Ancak gayrimenkulde fiyatların düşmediğine, yalnızca artışın durduğuna dikkat çeken Taş şu değerlendirmeyi yaptı:
“Türkiye’de yılda 1 milyon konut talebinden bahsediyoruz. İkinci eli de düşünürsek, arzın yıllık en az 600 bin düzeyinde olması gerekiyor. Arzda önemli eza var ve arz düşüncesi devam edecek, hasebiyle fiyatların artacağına ait birinci neden bu. İnşaat şirketleri maliyetleri öngöremediği için yeni projelere başlayamıyor. Bu da yeni arzı engelliyor. Ayrıyeten hatırlayalım Kasım 2021’de 2.5 milyon TL olan bir konut, Mayıs 2022’de 5.5 milyon TL, Ağustos’ta 7 milyon TL oldu. Herkes kıtlık psikolojisi ile gayrimenkul almaya çalıştı. Bunun üstüne bir de sarsıntıdan ötürü bölgede 600 bin konut üretilecek olması konusu geldi. Zelzele bölgesinde 600 bin konut üretmek demek, inşaat gereci üretiminin yüzde 40’ının iki yıl boyunca o bölgeye gitmesi demek. Hasebiyle arz ile ilgili eza 2 yıl devam edecek, bu da fiyatların artış potansiyelini ortaya koyuyor. Keza 20 yıl evvel yüzde 73 düzeylerinde olan konut sahipliği oranının da yüzde 56’ya gerilediğini görüyoruz.

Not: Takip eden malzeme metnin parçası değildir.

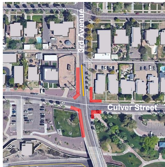
Site Location Map

Please use caution when traveling through the construction areas. We will do our best to minimize disruptions.
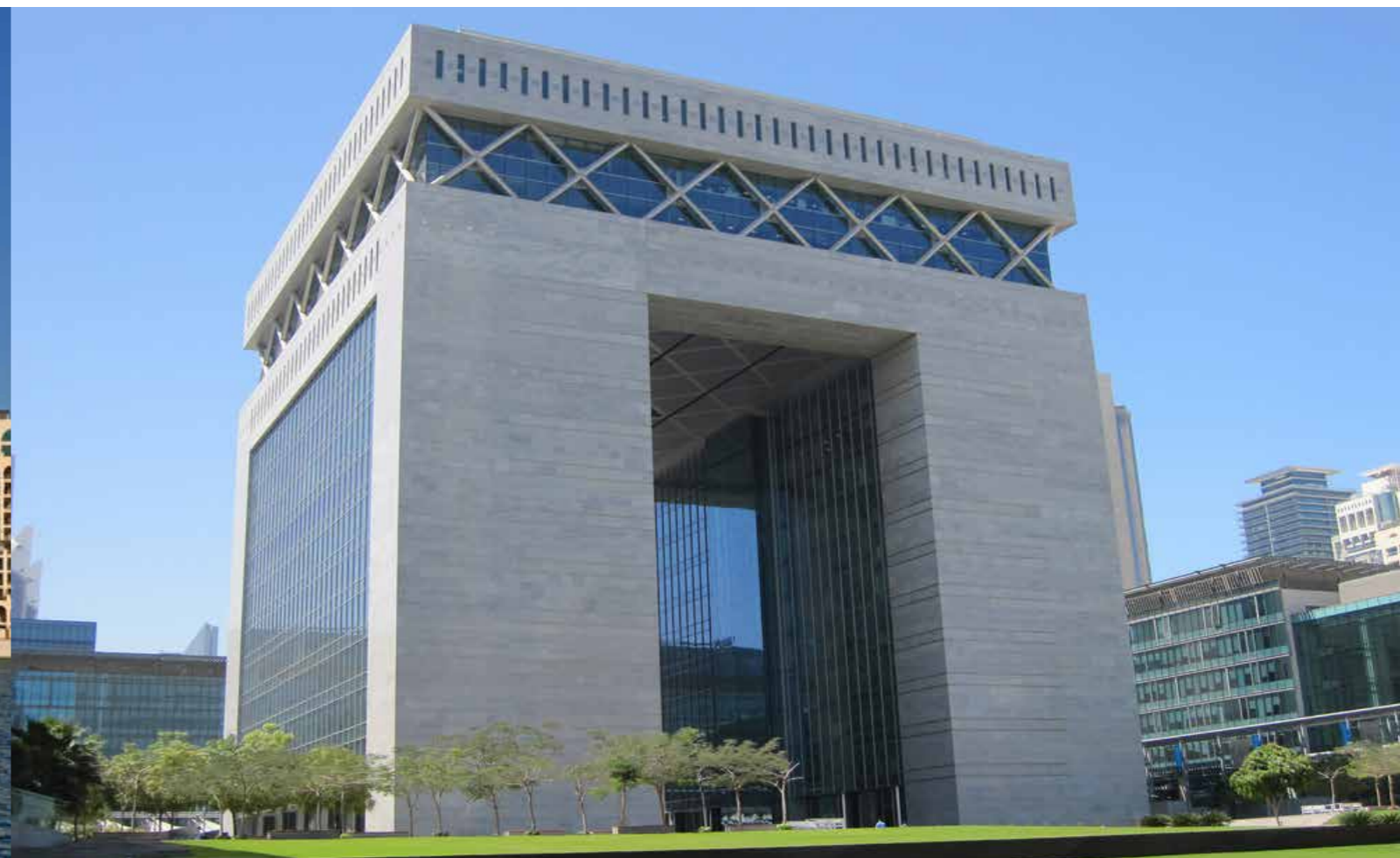
Financial District Gate Dubai

Hasebiyle devletin arz sıkıntısını çözmesi lazım, çözülmezse iş krize gerçek gidebilir.”
ARSAYA DİKKAT
Oluşan piyasada orta gelirlilerin konuta ulaşımının zorlaştığını kaydeden Taş, “Orta gelir kümesi da artık en azından tapum olsun diye yere yöneldi. Lakin tüketicilerin arsa olayına dikkat etmesi gerekiyor, bu ülkede cak cek hayal satan çok, tüketici kendisini muhafazalı. Devletin bu işi regüle etmesi lazım” dedi. Era’nın Avrupa Lideri Francois Gagnon da Avrupa’da oturum emelli verilen Golden Visa programlarının zorlaştırılması yahut kaldırılması ile ilgili de kıymetlendirme yaptı ve şunları söyledi: “Avrupa’da Golden Visa süreçleri azalıyor. Yapılan resmi açıklamalar, gelenlerin, kültürel mozaiği negatif etkilediği istikametinde. Lakin asıl sebep, yabancılar, yerlinin fiyatının çok üzerinde fiyatla emlak alabilmesi. Bu sebeple fiyatların üst tırmandığı tartışmaları zorlaştırmalardaki asıl sebep.”